Problem description: Look below for the line with "предусмотренных ст. 15.37.1" and the line with "SERRATURAA CILINDROapplicare tripliceart."; repeat exactly those two lines and all lines between them, but no pictures.

╭─ Records shown

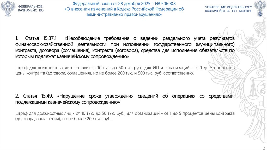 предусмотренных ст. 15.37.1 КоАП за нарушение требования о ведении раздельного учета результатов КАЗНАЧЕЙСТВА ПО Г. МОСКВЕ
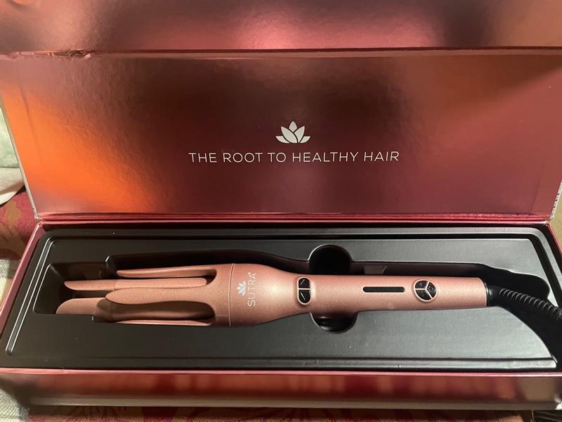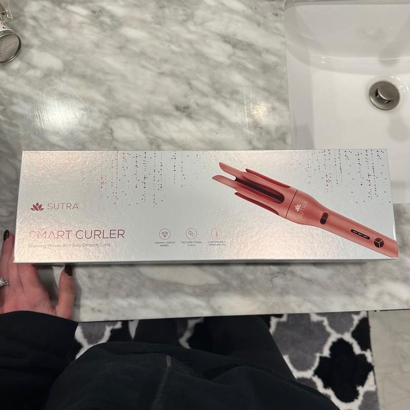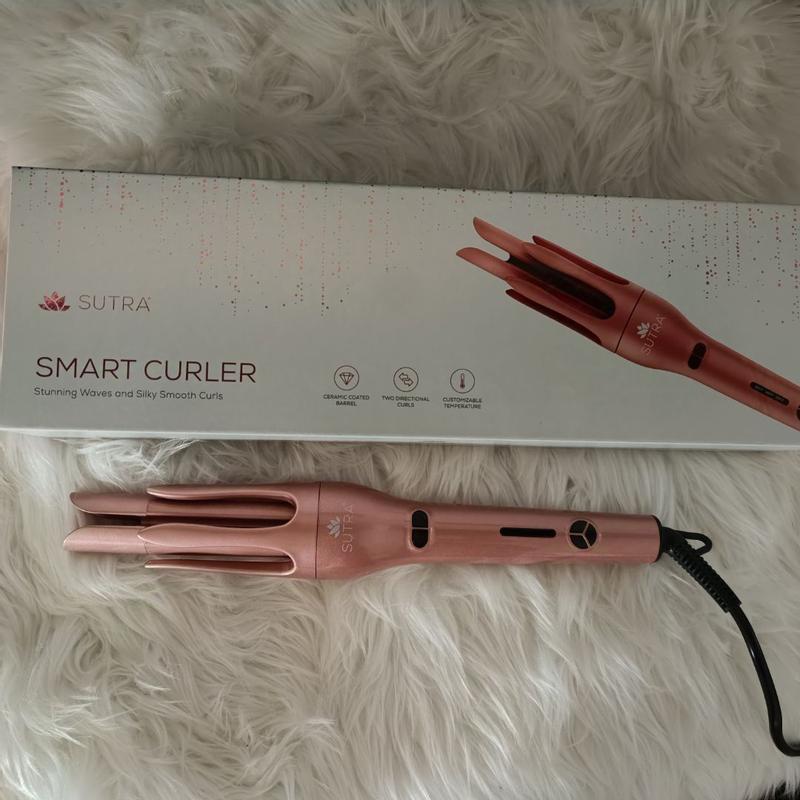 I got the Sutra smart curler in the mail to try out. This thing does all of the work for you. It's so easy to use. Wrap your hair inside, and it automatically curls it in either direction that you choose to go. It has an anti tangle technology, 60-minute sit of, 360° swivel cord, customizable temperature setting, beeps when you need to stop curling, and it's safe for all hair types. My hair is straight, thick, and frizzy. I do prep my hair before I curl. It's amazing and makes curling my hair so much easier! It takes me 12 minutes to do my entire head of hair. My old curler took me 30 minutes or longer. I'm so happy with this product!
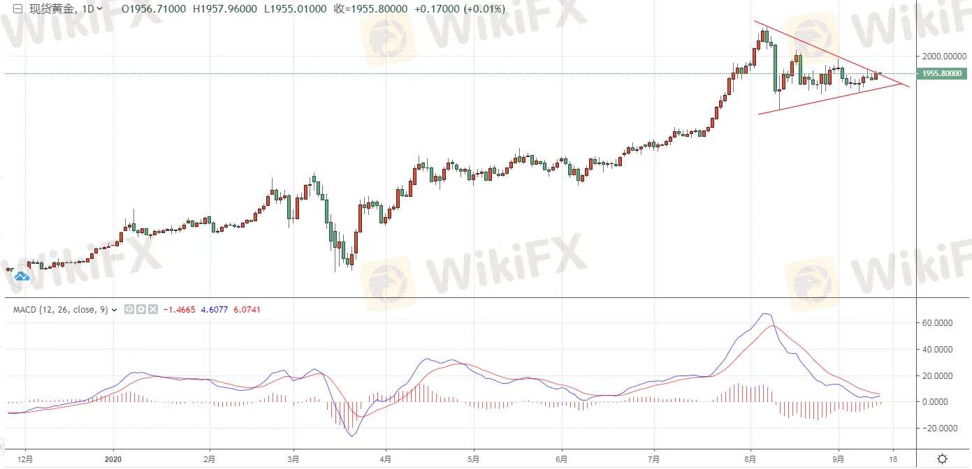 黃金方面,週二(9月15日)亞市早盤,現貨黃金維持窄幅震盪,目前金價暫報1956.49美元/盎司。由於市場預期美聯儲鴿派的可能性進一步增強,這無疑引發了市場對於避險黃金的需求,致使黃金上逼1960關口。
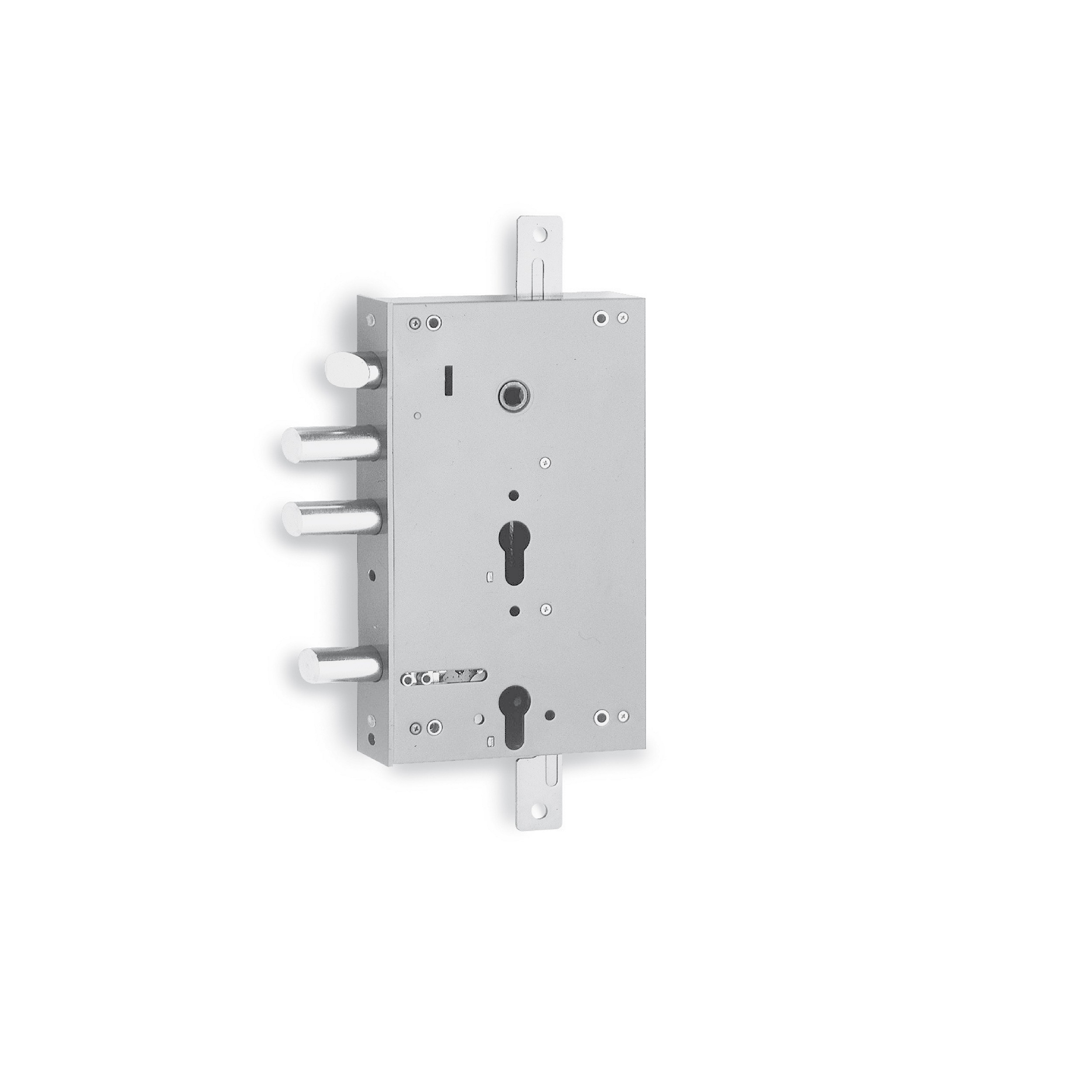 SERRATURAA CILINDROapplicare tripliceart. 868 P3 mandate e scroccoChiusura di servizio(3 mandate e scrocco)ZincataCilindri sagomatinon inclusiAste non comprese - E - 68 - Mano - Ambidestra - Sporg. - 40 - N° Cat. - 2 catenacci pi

╰─
╭─ Records shown

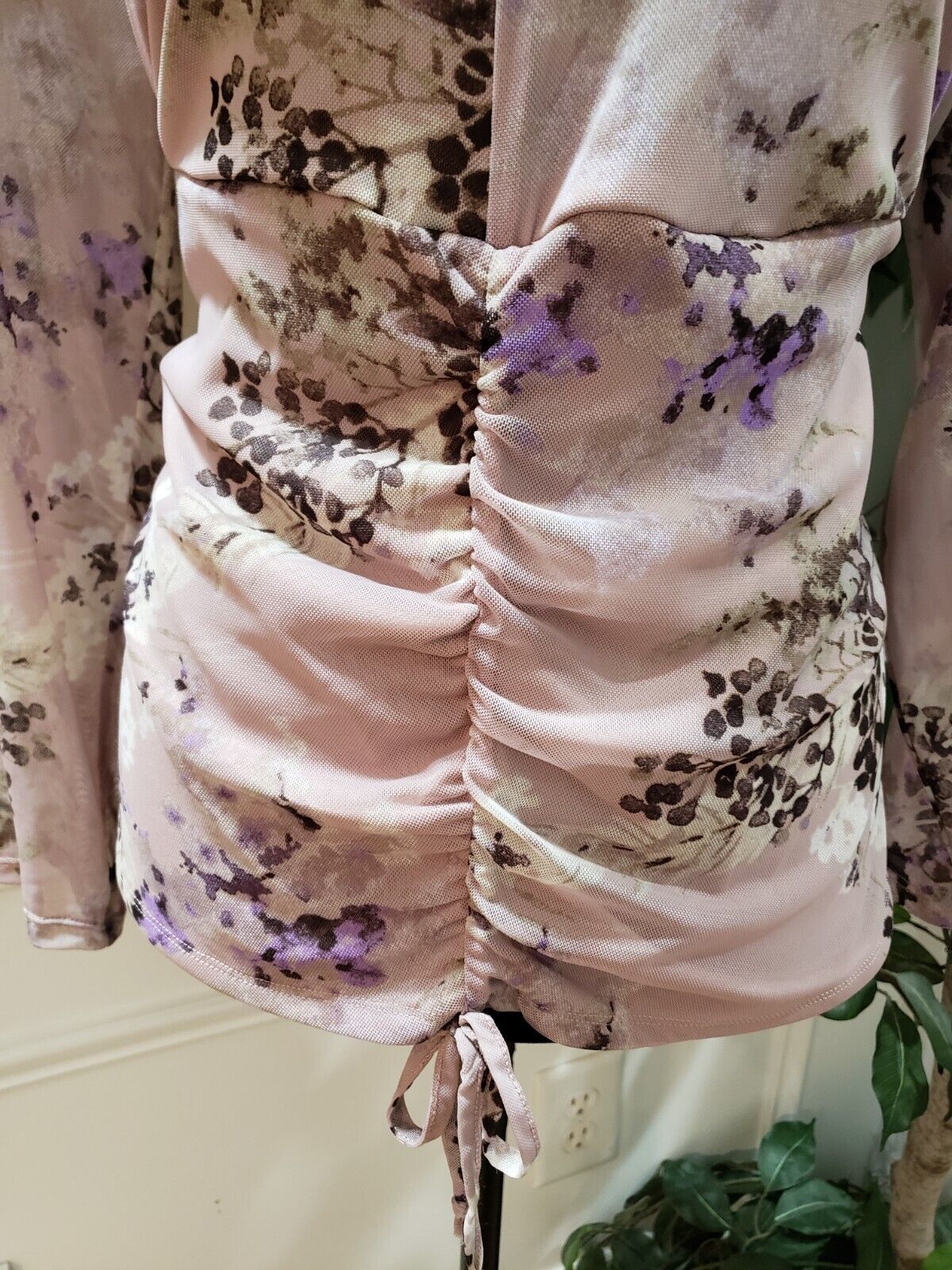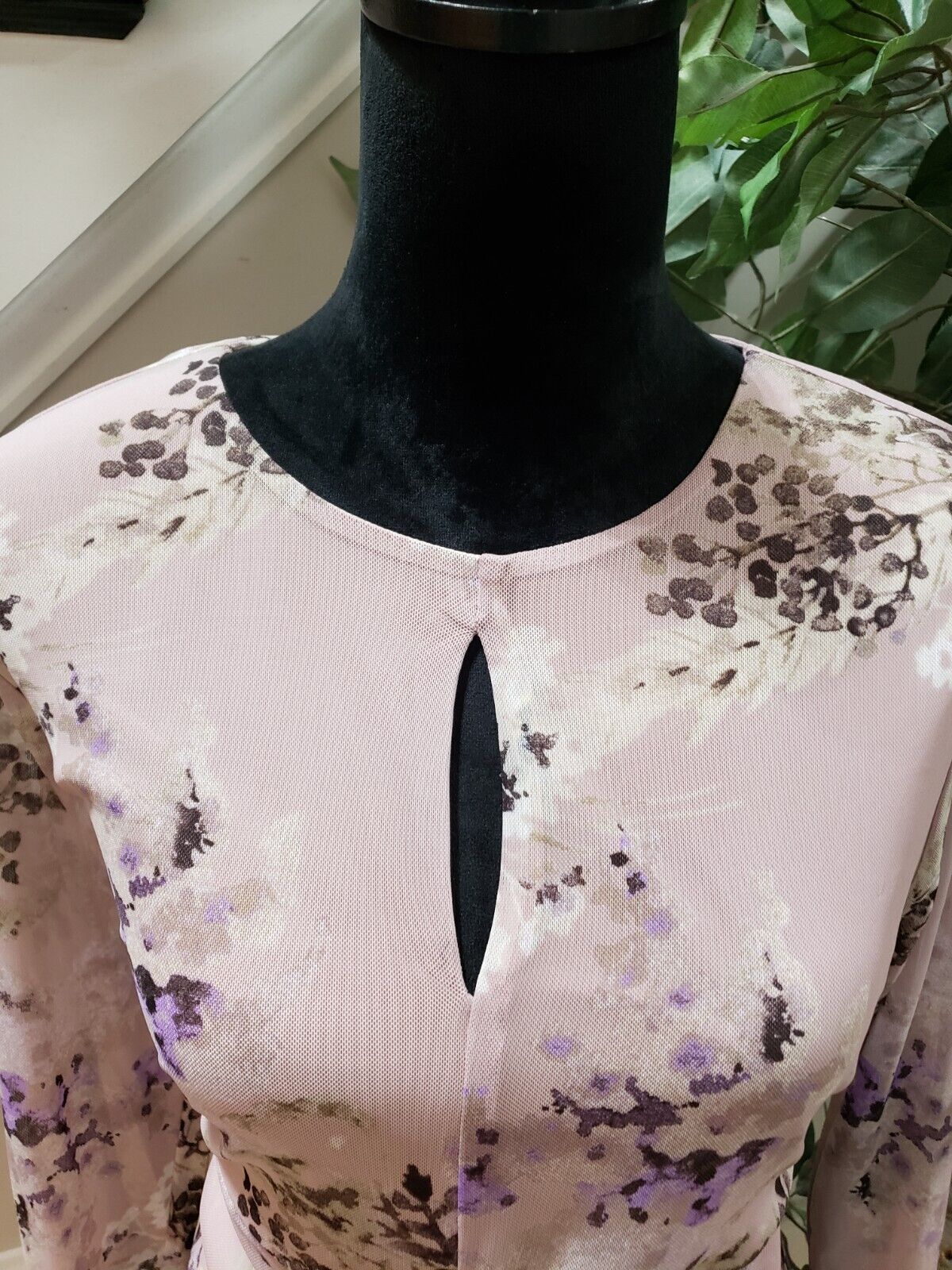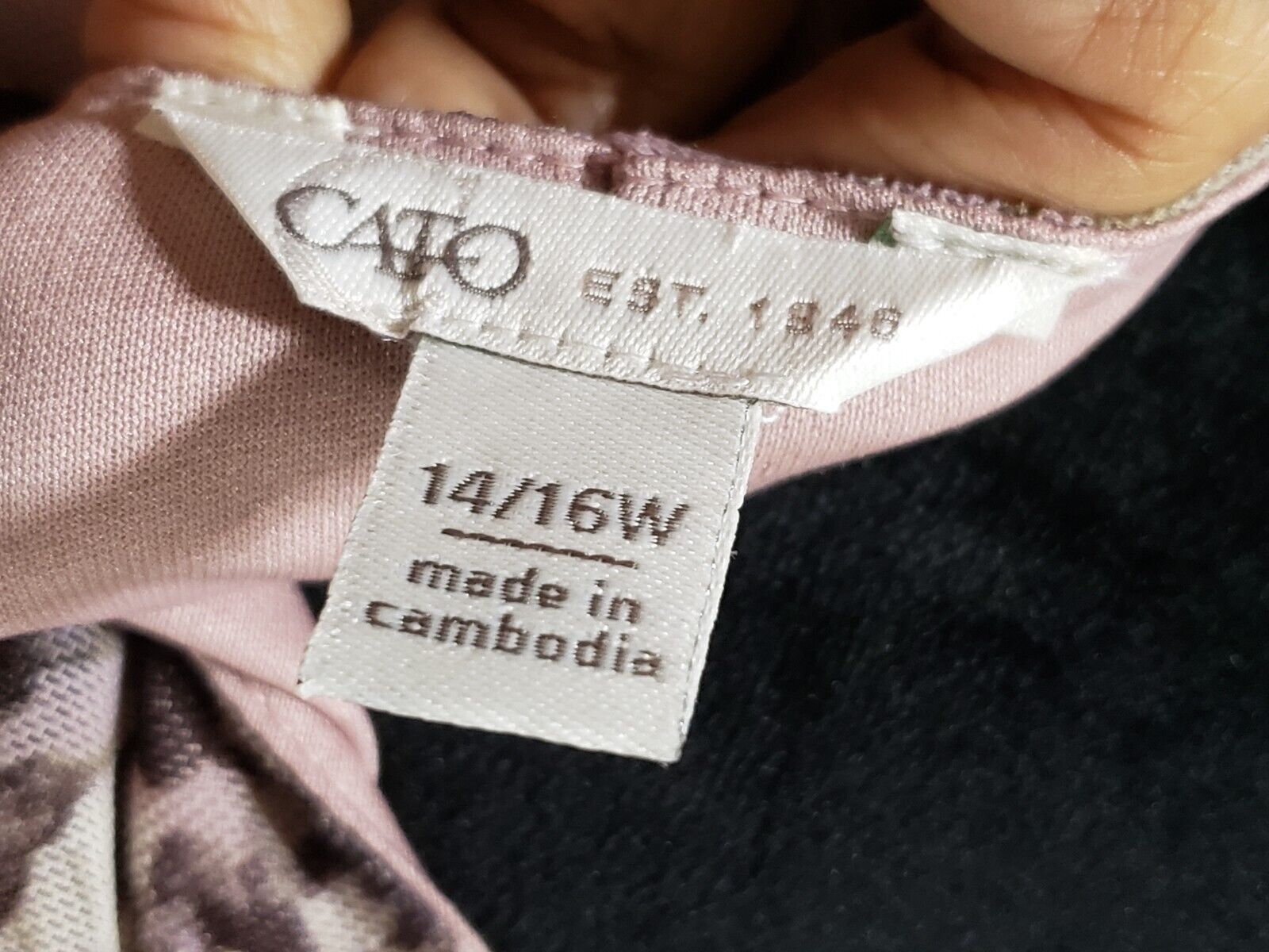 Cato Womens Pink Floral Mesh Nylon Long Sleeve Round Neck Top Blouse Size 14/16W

╰─
╭─ Records shown

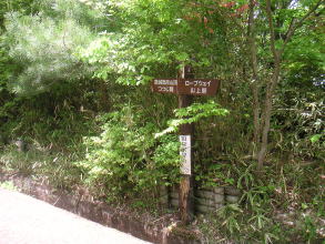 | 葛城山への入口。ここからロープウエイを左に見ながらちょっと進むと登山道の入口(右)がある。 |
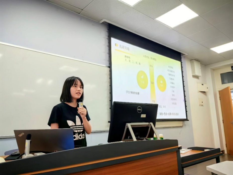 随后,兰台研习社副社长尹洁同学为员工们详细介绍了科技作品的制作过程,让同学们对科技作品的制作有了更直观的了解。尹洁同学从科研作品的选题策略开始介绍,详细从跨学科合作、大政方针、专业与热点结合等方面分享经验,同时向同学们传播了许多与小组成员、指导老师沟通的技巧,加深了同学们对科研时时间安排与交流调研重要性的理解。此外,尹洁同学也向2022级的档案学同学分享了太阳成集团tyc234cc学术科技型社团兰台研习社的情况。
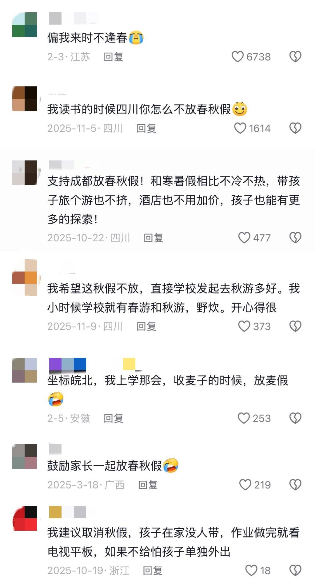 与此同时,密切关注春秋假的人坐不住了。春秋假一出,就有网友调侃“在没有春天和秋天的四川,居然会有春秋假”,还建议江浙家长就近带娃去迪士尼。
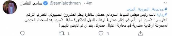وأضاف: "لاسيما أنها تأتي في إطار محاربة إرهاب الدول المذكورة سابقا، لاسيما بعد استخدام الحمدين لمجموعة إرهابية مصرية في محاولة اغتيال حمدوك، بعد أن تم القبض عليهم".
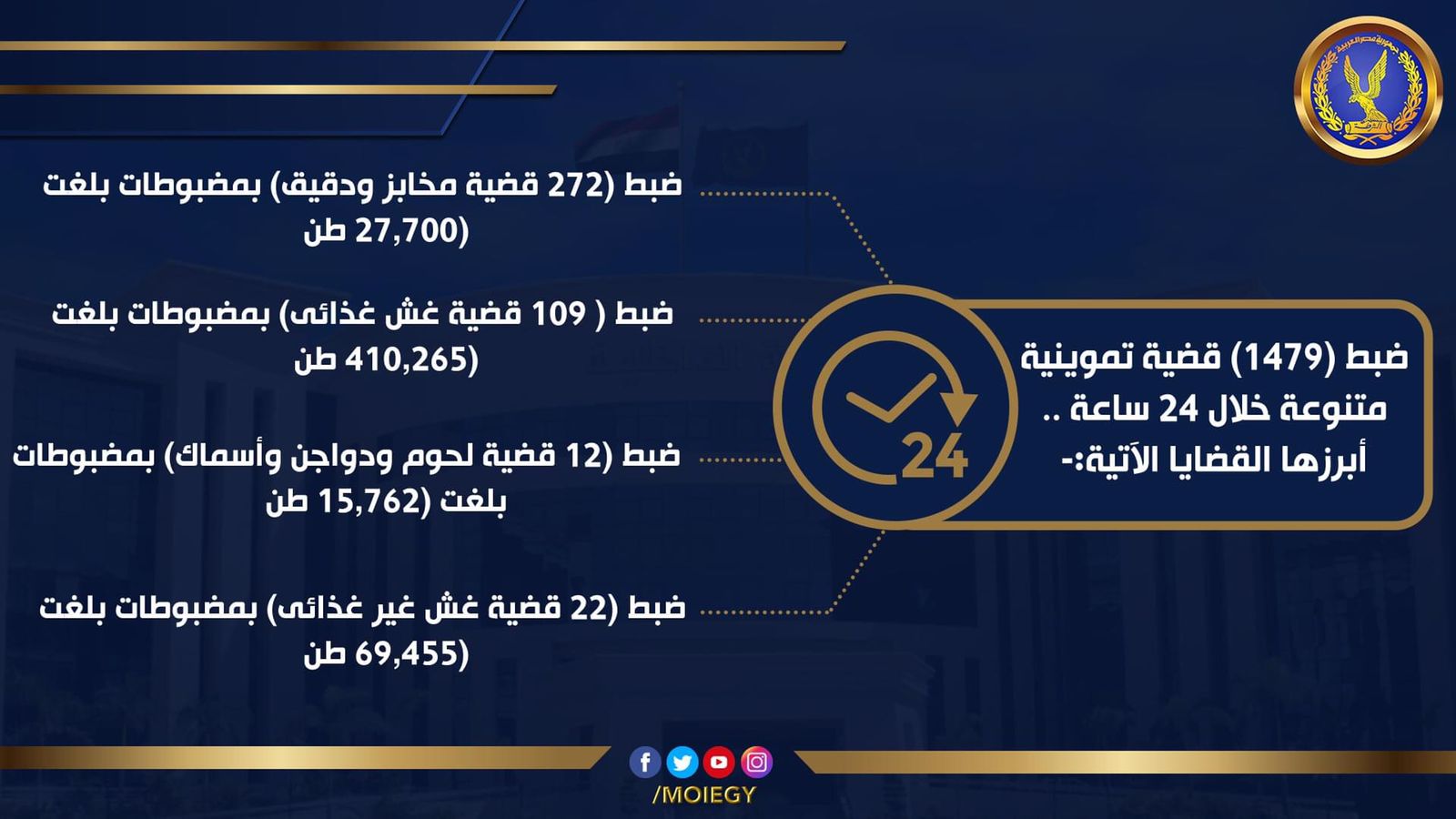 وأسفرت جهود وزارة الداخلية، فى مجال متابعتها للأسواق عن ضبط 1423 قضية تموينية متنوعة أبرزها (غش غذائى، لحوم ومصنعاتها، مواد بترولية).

╰─

Written response:
 предусмотренных ст. 15.37.1 КоАП за нарушение требования о ведении раздельного учета результатов КАЗНАЧЕЙСТВА ПО Г. МОСКВЕ
 I got the Sutra smart curler in the mail to try out. This thing does all of the work for you. It's so easy to use. Wrap your hair inside, and it automatically curls it in either direction that you choose to go. It has an anti tangle technology, 60-minute sit of, 360° swivel cord, customizable temperature setting, beeps when you need to stop curling, and it's safe for all hair types. My hair is straight, thick, and frizzy. I do prep my hair before I curl. It's amazing and makes curling my hair so much easier! It takes me 12 minutes to do my entire head of hair. My old curler took me 30 minutes or longer. I'm so happy with this product!
 黃金方面,週二(9月15日)亞市早盤,現貨黃金維持窄幅震盪,目前金價暫報1956.49美元/盎司。由於市場預期美聯儲鴿派的可能性進一步增強,這無疑引發了市場對於避險黃金的需求,致使黃金上逼1960關口。
 SERRATURAA CILINDROapplicare tripliceart. 868 P3 mandate e scroccoChiusura di servizio(3 mandate e scrocco)ZincataCilindri sagomatinon inclusiAste non comprese - E - 68 - Mano - Ambidestra - Sporg. - 40 - N° Cat. - 2 catenacci pi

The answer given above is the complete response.